Pacific Gas and Electric will meet some of this year’s summer electricity demand in California through a virtual power plant demonstration project that will include as many as 1,900 residential customers.
And in another recent announcement, PG&E said it will award up to $43 million for nine microgrid projects in Northern and Central California. The money, distributed through the company’s Microgrid Incentive Program, will fund the development of community microgrids in disadvantaged areas.
PG&E described its virtual power plant program, known as Seasonal Aggregation of Versatile Energy (SAVE), as a peak load shifting and shaping program.

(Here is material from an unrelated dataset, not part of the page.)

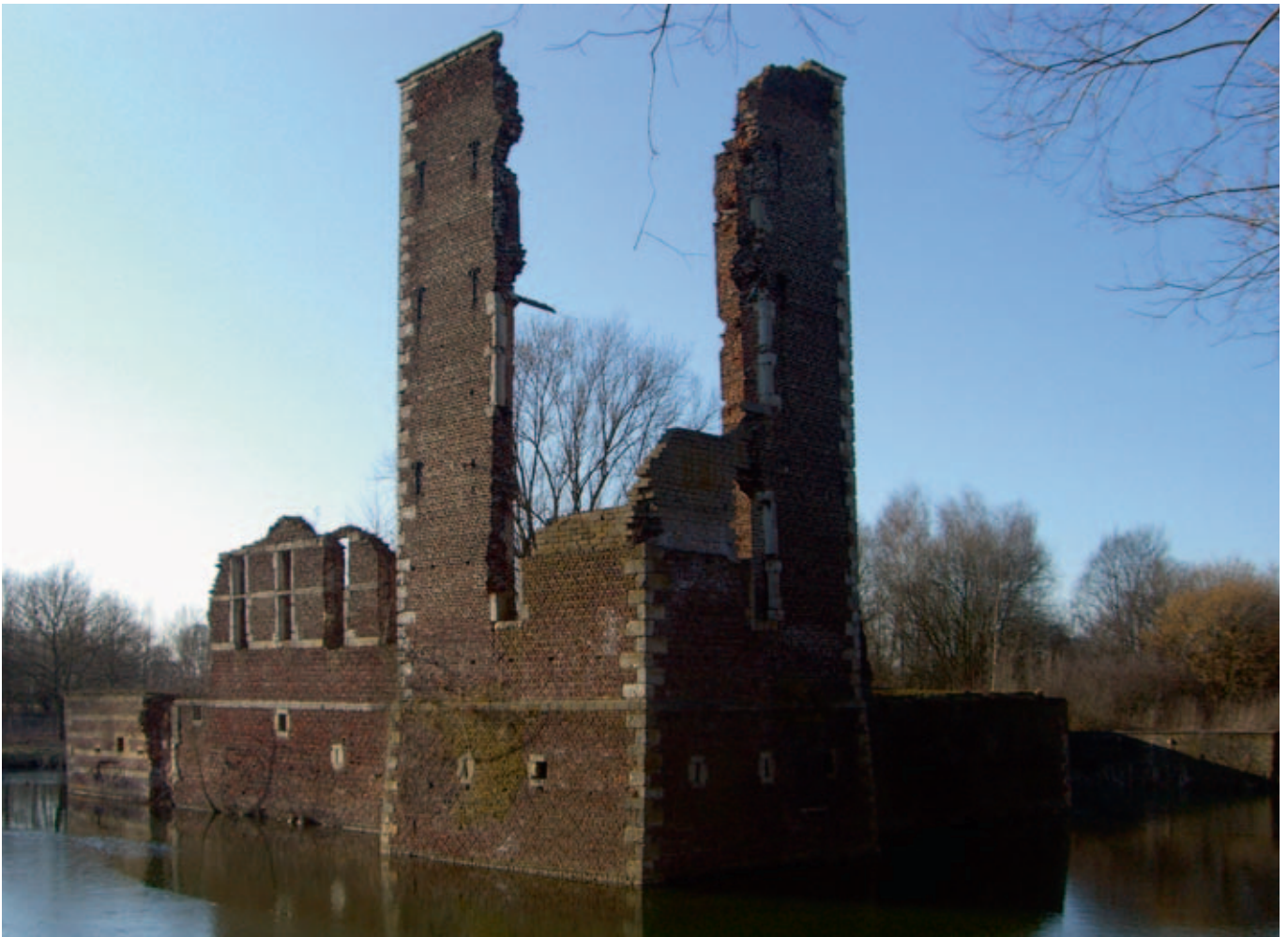
Afb. 1 Kasteel Schaesberg wacht op ‘wetenschappelijk verantwoorde’ herbouw (Landgraaf, maart 2010)

schappelijk verantwoorde wijze” worden herbouwd. 2 Reconstructie van monumenten is een vraagstuk dat zowel onder theoretici als bij het grote publiek voor- en tegenstanders kent. Initiatieven tot de herbouw van bijvoorbeeld het Valkhof te Nijmegen of het Paleis voor Volksvlijt in Amsterdam doen veel stof opwaaien. Niet alleen bij deze, maar ook bij andere projecten wendt men zich tot de bouwhistorische of archeolo-
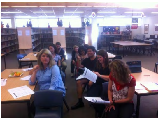
Asistentes al taller de Canberra

Los días 21 y 23 de octubre, el ATD de la Consejería participó en dos actividades de formación que tuvieron lugar en Australia y que fueron organizadas por sus colegas de la Consejería en Canberra.

It will recruit up to 1,500 residential electric customers with battery energy storage systems and about 400 customers with smart electric panels. The VPP will be dispatched from June through October for up to 100 hours.
Program participants will be concentrated in California’s Central Valley and the south San Francisco Bay Area.
PG&E is partnering on its VPP demonstration with Sunrun, a company that sells residential solar-plus-storage systems.
Using Tesla’s grid services platform, Sunrun will optimize Powerwall batteries to provide a precise amount of power at specific times to certain locations. For non-Tesla batteries, Sunrun will use Lunar Energy’s Gridshare platform.
Sunrun will manage participating customers’ battery dispatches while making sure participants have at least 20% of their battery capacity in reserve in case of power outages.
“Customers with home batteries are a solution to alleviating strain on our electric grid,” Sunrun CEO Mary Powell said in a release.
Smart Panel Participants
Residents with smart electric panels will participate in the VPP program through a partnership between PG&E and grid service provider SPAN, which will shape home energy demand during peak events.
Customers will be able to set preferences on an app so they can use certain appliances during peak hours while still reducing grid congestion.
PG&E said it chose places to deploy the VPP program based on:
the potential for overloading during peak summer hours;
participating aggregators’ concentration of customers; and
ability to test performance across varying load shapes.
About 60% of SAVE participants will be in low-income or disadvantaged communities.
PG&E is conducting the VPP demonstration project as part of California’s Electric Program Investment Charge (EPIC) initiative. Funded by utility customers, EPIC invests in research that may help the electricity sector meet the state’s energy and climate goals.
Microgrid Grants
In a separate program, PG&E announced $43 million in funding for nine microgrids in communities deemed vulnerable to power outages.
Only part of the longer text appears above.